But he himself went a day's journey into the wilderness, and came and sat down under a juniper tree: and he requested for himself that he might die; and said, It is enough; now, O LORD, take away my life; for I am not better than my fathers.
And as he lay and slept under a juniper tree, behold, then an angel touched him, and said unto him, Arise and eat.
And he looked, and, behold, there was a cake baken on the coals, and a cruse of water at his head. And he did eat and drink, and laid him down again.
And the angel of the LORD came again the second time, and touched him, and said, Arise and eat; because the journey is too great for thee.

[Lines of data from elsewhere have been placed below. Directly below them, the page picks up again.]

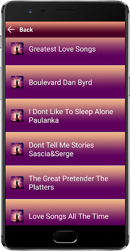 Songs App for Mp3 Love Songs with music and Playlist, Love Songs Sweet Memories, Top Hits music and User Friendly to use. In this application you will find a large collection of artist albums and your favorite songs.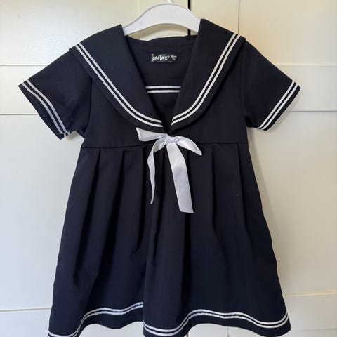 Marine,matros kjole str.4/5år . Belte og krage,gull knapper.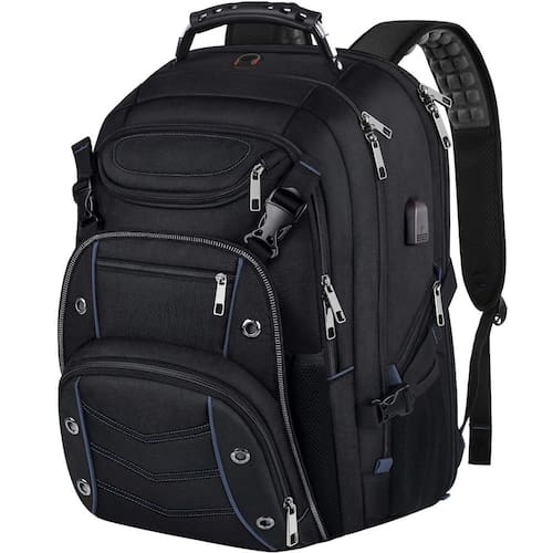 Mochila de viagem extragrande de 46,7 cm para laptop para jogos, porta de carregamento USB, aprovada pela TSA, antifurto, viagem, grande capacidade, para computador, mochila para homens, mulheres, negócios, GG, mochila de trabalho - Mochila extragrande para laptop para jogos -- Tamanho externo da mochila de viagem de negócios extragrande: 56 x 43 x 25 cm. Capacidade: 60 L. Vários compartimentos oferecem excelente proteção para 2 laptops e tablets. Serve para a maioria dos laptops de 19,18,4,18,17,17,15,6,15 cm - Porta de carregamento USB de grande capacidade: o maior compartimento principal comporta roupas de viagem de 3 a 4 dias. Muitos bolsos ocultos podem acomodar muitos acessórios de viagem, artigos de papelaria, artigos de higiene pessoal, bolso lateral com zíper para facilitar o acesso essencial, porta USB externa com cabo de carregamento integrado oferece carregamento conveniente do seu celular e outros dispositivos eletrônicos. Um orifício para fone de ouvido externo facilita o acesso ao uso do fone de ouvido. Mochila XL resistente feita de tecido de nylon e poliéster - Antifurto RFID aprovado pela TSA: desdobra a mochila extra grande 90 a 180 graus, fazendo você passar rapidamente pela segurança do aeroporto e manter os itens organizados, projetada para viagens de avião. Mochila grande para atividades internas/externas, serve como mochila para laptop. Bolso RFID com identificação por radiofrequência RFID ajuda a proteger os dados pessoais codificados em seus cartões de crédito, documentos e passaportes. Bolso na parte de trás da mochila, fácil de colocar seu telefone, bolsa e passaporte - Mochila esportiva: para jogadores, espaço para todos os seus equipamentos esportivos para que eles não percam nada, um lugar para tudo: garrafas de água, guarda-chuva, chuteiras, meias, protetores de canela, jaqueta, lanches. O mais especial é o bolso externo, com alças de compressão ajustáveis para basquete, rúgbi e vôlei de tamanho completo - Alça traseira para bagagem: o design de ventilação em forma de U nas costas ajuda na convecção de ar. Alças de ombro ajustáveis com acolchoamento ajudam a aliviar o desconforto do seu ombro. Uma alça de bagagem permite que a mochila se encaixe na bagagem/mala, deslize sobre o tubo da alça vertical para facilitar o transporte; a alça ajustável deixa as alças de ombro mais apertadas. Além disso, mochila com uma alça robusta e resistente com cabo de aço na parte superior para transporte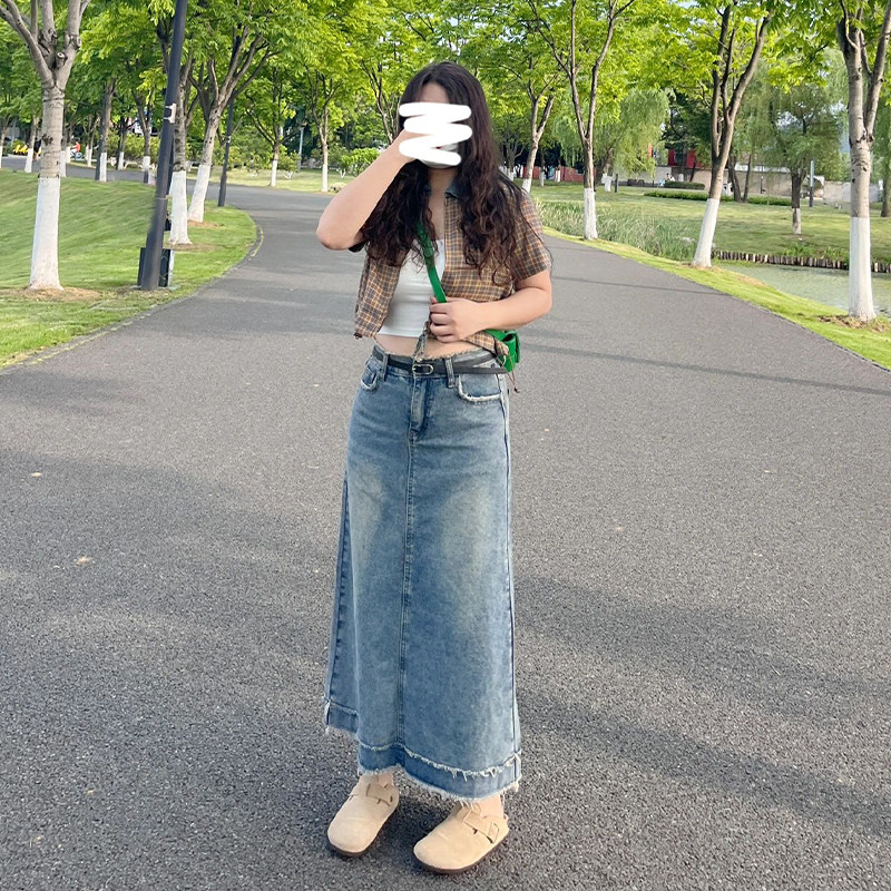胖MM特大码女装牛仔半身裙子遮肚子显瘦适合梨形身材的半裙a字裙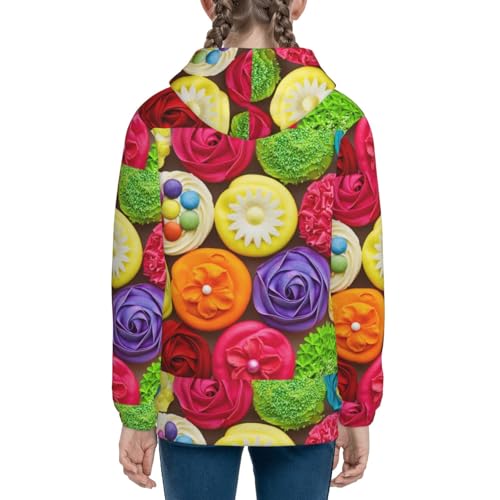 Brightly Colored Cupcakes Kids Pullover Hoodies Boys Zip Up Sweatshirts Girls Athletic Clothes with Pocket 5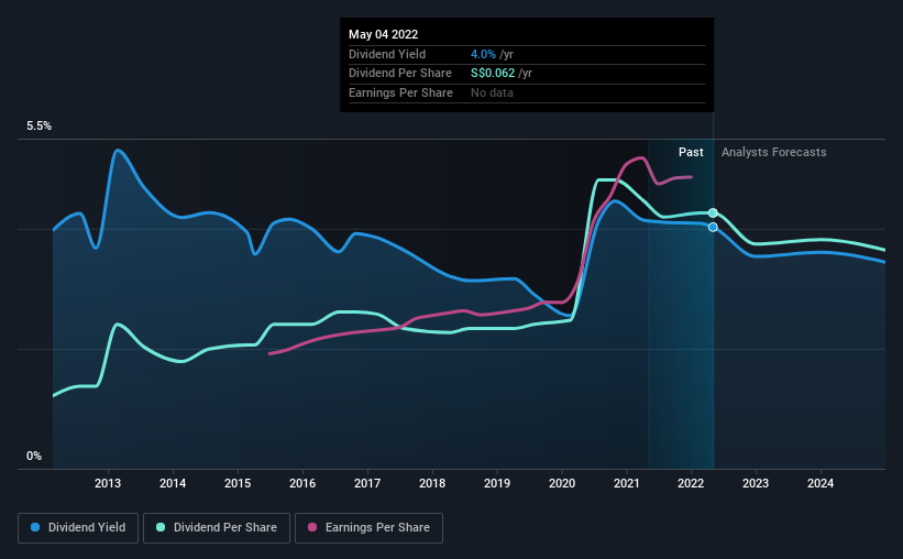 The company's upcoming dividend is S$0.031 a share, following on from the last 12 months, when the company distributed a total of S$0.062 per share to shareholders. Based on the last year's worth of payments, Sheng Siong Group stock has a trailing yield of around 4.0% on the current share price of SGD1.54. If you buy this business for its dividend, you should have an idea of whether Sheng Siong Group's dividend is reliable and sustainable. So we need to check whether the dividend payments are covered, and if earnings are growing.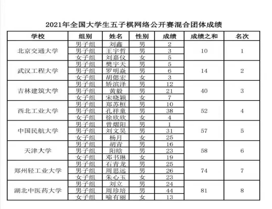 本网讯(通讯员 乐建军)2022年1月1日,由国家体育总局棋牌运动管理中心为指导单位,天津市体育竞赛和社会体育事务中心、天津棋院主办,天津市围棋运动协会承办的2021年全国大学生五子棋网络公开赛落下帷幕。全国包括北京交通大学、天津大学,中国民航大学、西安交通大学等四十余所高校参加了本次比赛。我校派出了以范东芳为领队、乐建军为教练、8名学生组成的五子棋队,经过一天紧张而又激烈的角逐,最终获得全国大学生...

And he arose, and did eat and drink, and went in the strength of that meat forty days and forty nights unto Horeb the mount of God.

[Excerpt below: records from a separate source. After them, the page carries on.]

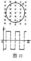 14、一闭合线圈固定在垂直于纸面的匀强磁场中,设向里为磁感强度B的正方向,线圈中的箭头为电流i的正方向(如图10所示).已知线圈中感生电流i随时间而变化的图像如图所示,则磁感强度B随时间而变化的图像可能是( )![]()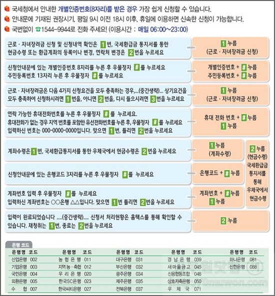 "1544-9944 → 장려금 2번 → 신청 1번 → 개별인증번호 → 주민등록번호 뒷7자리 → 1번 → 계좌번호 및 휴대전화번호 등록 확인 → 신청종료" 순서입니다.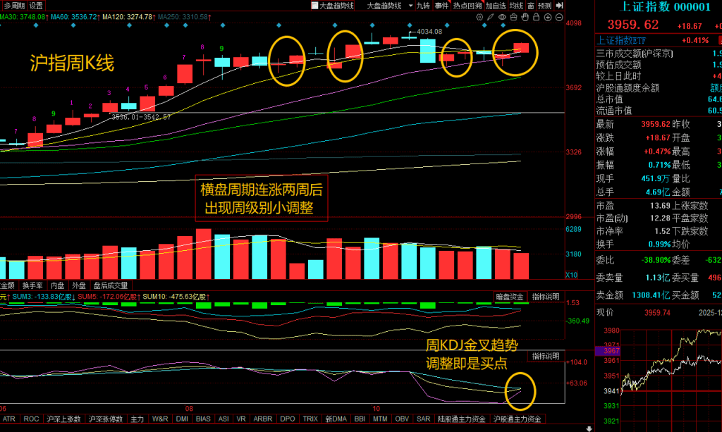以周K线角度来看,3921的10周线压力突破,自11月底跌穿之后,这条均线狠狠压制了沪指4周,本周算是暂时收回。根据过往的突破节奏,后续不可能马上就脱离这条均线的牵引,直接令乖离率提升,必然还会反复测试突破的有效性,尤其是现在挨边2万亿的量能结构下,就震荡模式为主。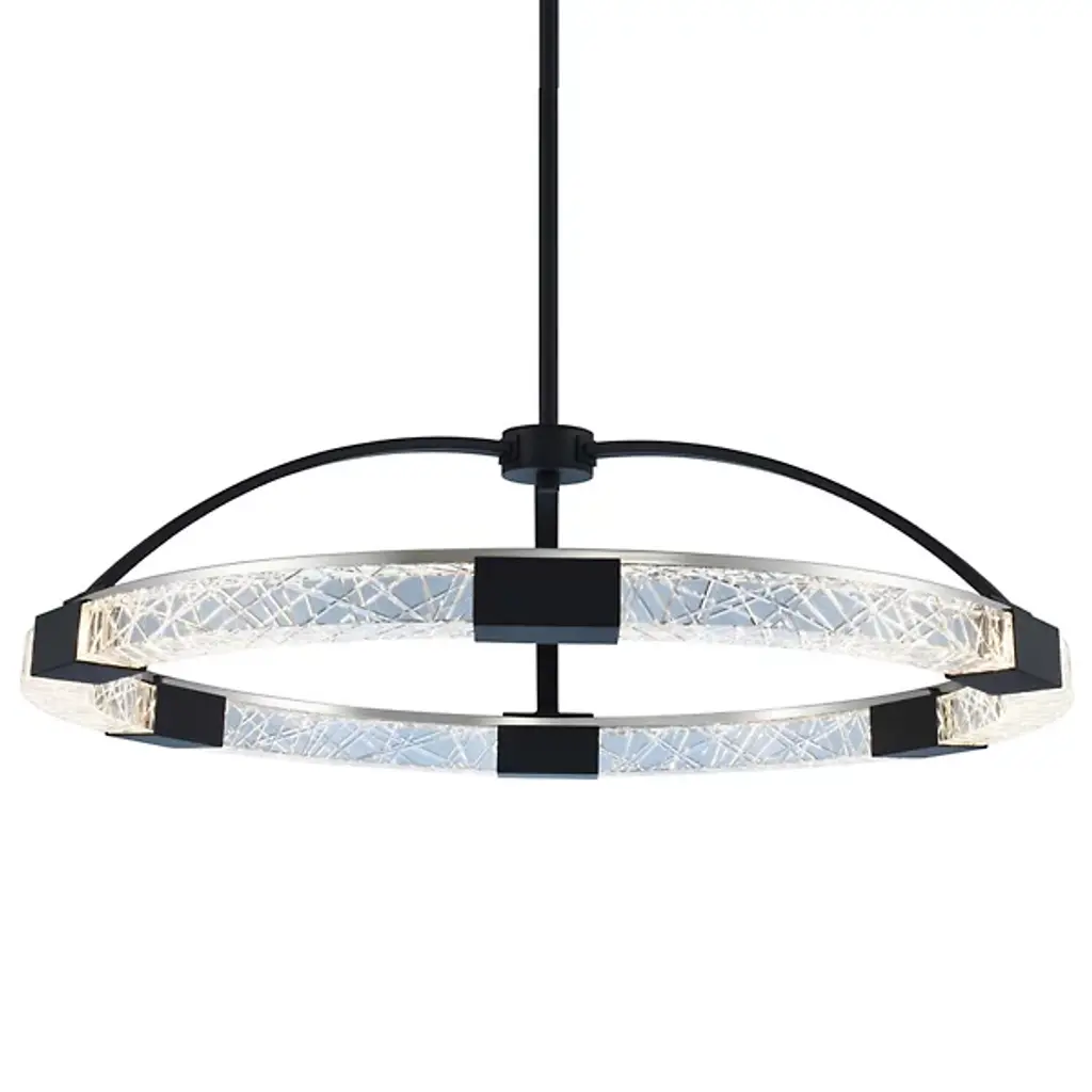 A ring of dazzling light elevates your modern space with the Athena LED Pendant from Allegri by Kalco Lighting. An unassuming ceiling mount flares out slightly before introducing a slim downrod that branches out into a trio of swooping arms that lead to smooth brackets that wrap around the glass body. A crisp ring made of hand-cut Firenze crystal makes up the breath-taking body of this modern piece. When turned on, subtle crosscut lines within the crystal come to life and enchants as an energy-efficient LED brings a bright, pleasing glow into the space.

And he came thither unto a cave, and lodged there; and, behold, the word of the LORD came to him, and he said unto him, What doest thou here, Elijah?

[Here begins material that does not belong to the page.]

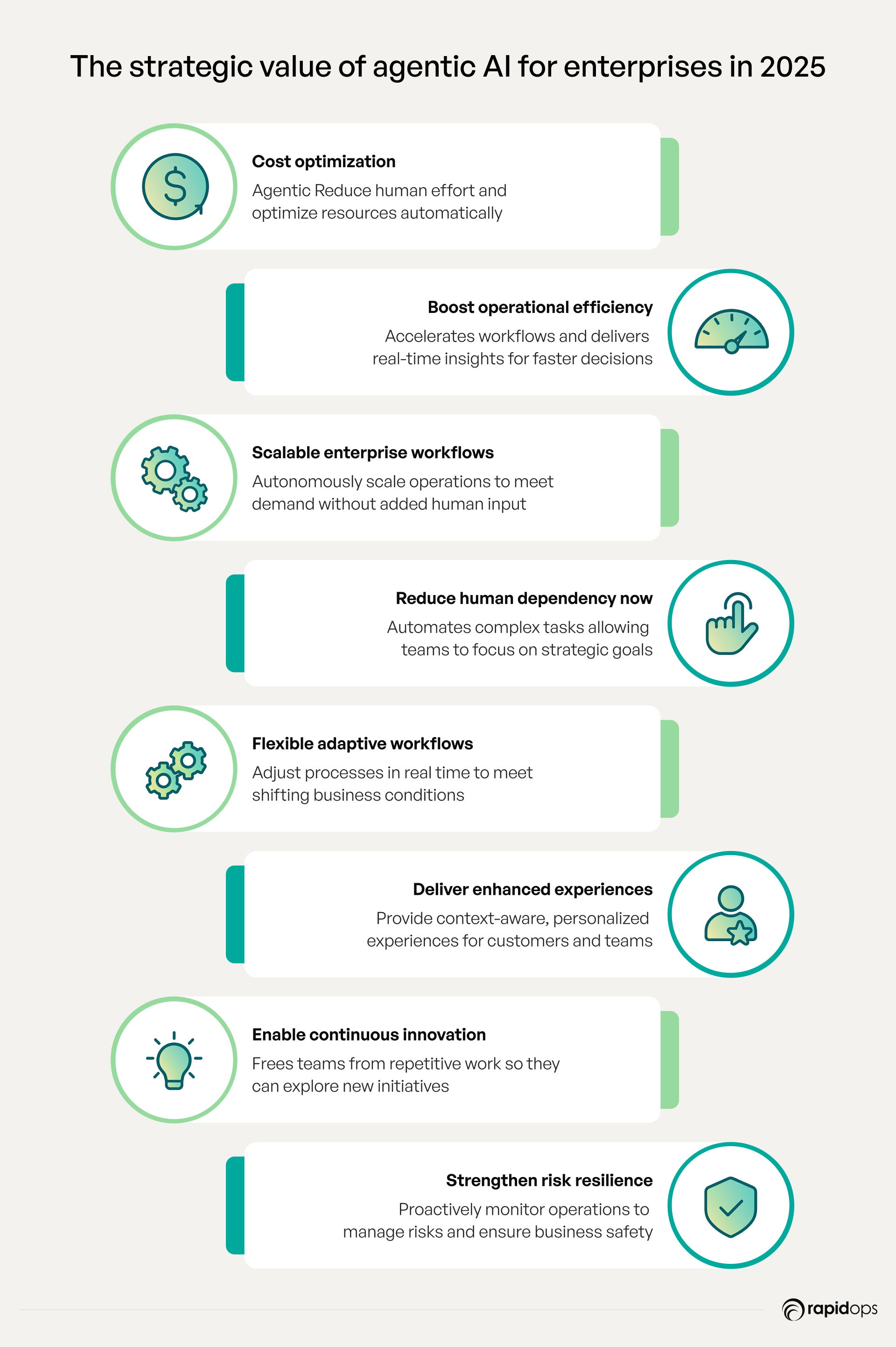 Rising operational overhead and unpredictable market conditions make efficient resource management essential. Agentic AI systems handle both routine and complex tasks autonomously, reducing human effort and minimizing errors. This allows teams to focus on strategic initiatives, innovation, and high-value projects, while organizations optimize costs and achieve better resource utilization across core workflows.

New Defender's Study Bible Notes

19:3 went for his life. Elijah was not a coward (note his one-man confrontation with King Ahab and then with the 450 false prophets), nor was he afraid to die (note I Kings 19:4), but he was discouraged that he still seemed to have no chance of turning Israel back to God, even after his singular victory at Mount Carmel. Jezebel and her religious system seemed as entrenched as ever.

19:3 came to Beer-sheba. Elijah had been at Carmel and Jezreel, far to the north in the kingdom of Israel, then fled 150 miles to the southernmost part of the kingdom of Judah, and Beersheba, and then even deeper into the Negev wilderness, putting as much distance between himself and Jezebel as possible, finally reaching Mount Sinai (or Horeb) itself.